# Tall boots or waders for hog hunting



## Nomadic Itch (Jan 30, 2007)

Does anyone have any recommendations on a good pair of of tall (more than 17") boots or hip waders for walking around in the swamp?  I need something than the Alpha Burly boots yet still comfortable.  Muck boots makes a pair of hip waders that supposedly fold down into a 17" boot or can be unrolled and used as hip waders (that's how it was explained to me).  Does anyone know if these work/are comfortable?  Thanks for the help.


----------



## Nicodemus (Jan 30, 2007)

I use a pair of Wick Iron Legs. Barb wire is about the only thing that`ll tear em. I use em for all my swamp huntin`.


----------



## capt stan (Jan 30, 2007)

I have a pair of canvas hip waders.
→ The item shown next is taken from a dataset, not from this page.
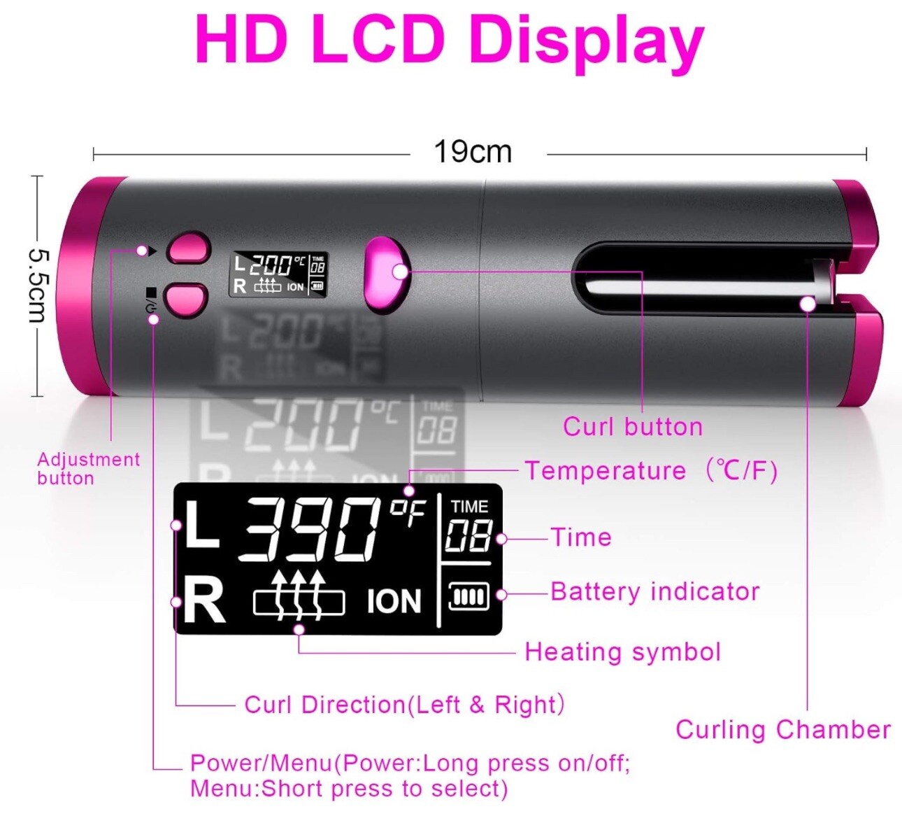 Fezax Cordless Auto Hair Curler, Automatic Curling Iron with LCD Display

I really like them alot. I normally need a pair every two years or so, But I wear mine much more then most folks do. They work real well for me.


----------



## Nomadic Itch (Jan 30, 2007)

Nicodemus

Do the iron legs simply fit snuggly over your existing rubber boots?  The website recommends that you not stand in the water for more than 15 minutes.  Is that accurate or do they continue to keep you dry after prolonged periods in the water?  Thanks again


----------



## Nicodemus (Jan 30, 2007)

The boot is a permanent part of the wader. This type of wader is more for crossin` water more so than just stayin` in there for prolonged periods of time. I have stood in water with mine for up to 30 minutes and didn`t have wet feet. I`m not sure I would want to test them much longer than that though. For their purpose and durability though, they can`t be beat.


----------



## Blue Iron (Jan 30, 2007)

The Muck boots with the chaps are EXTREMELY Comfortable.....I have a pair, can't seem to find them after my last move though .  They are good boots and will keep you dry.


----------



## Nomadic Itch (Jan 30, 2007)

Thanks for all the help.  I would like to purchase the Iron Legs but they only go up to a size 13 and unfortunately I wear a 14.  I guess sizing will make my decision for me...the mucks come in size 14.


----------



## Kawaliga (Jan 31, 2007)

What is the web address for "Iron Legs"?


----------



## seaweaver (Feb 1, 2007)

I cannot imagine anthing higher than a knee boot being easy to walk/stalk for extended periods.I have added the rule that boots must be 16', to adaquate weapon, for the guys I take. 
Ive had them over heat, get tired from wadders, or wet when their ducky farm boots were not high enough.
Then there's the racket...zipp,zipp,zipp  of chaps rubbing at each step.
I've been using redhead bone drys  but will be moving to a wp snake boot for the extended support and speed when a chase is required. If I have to go deep..thats part of the hunt.
cw


----------



## powerwagon (Feb 1, 2007)

redhead 17 inch snake boots


----------



## SouthGaTrophyHunter (Feb 1, 2007)

chippewas


----------



## Benjie Boswell (Feb 1, 2007)

I wear Muck boots with lightweight chaps from Valley Supply. they are lightweight, briarproof and waterproof for hours. I use them duck hunting, hog hunting and coon hunting. I put a lot of miles on em too.  $100 from Valley creek supply


----------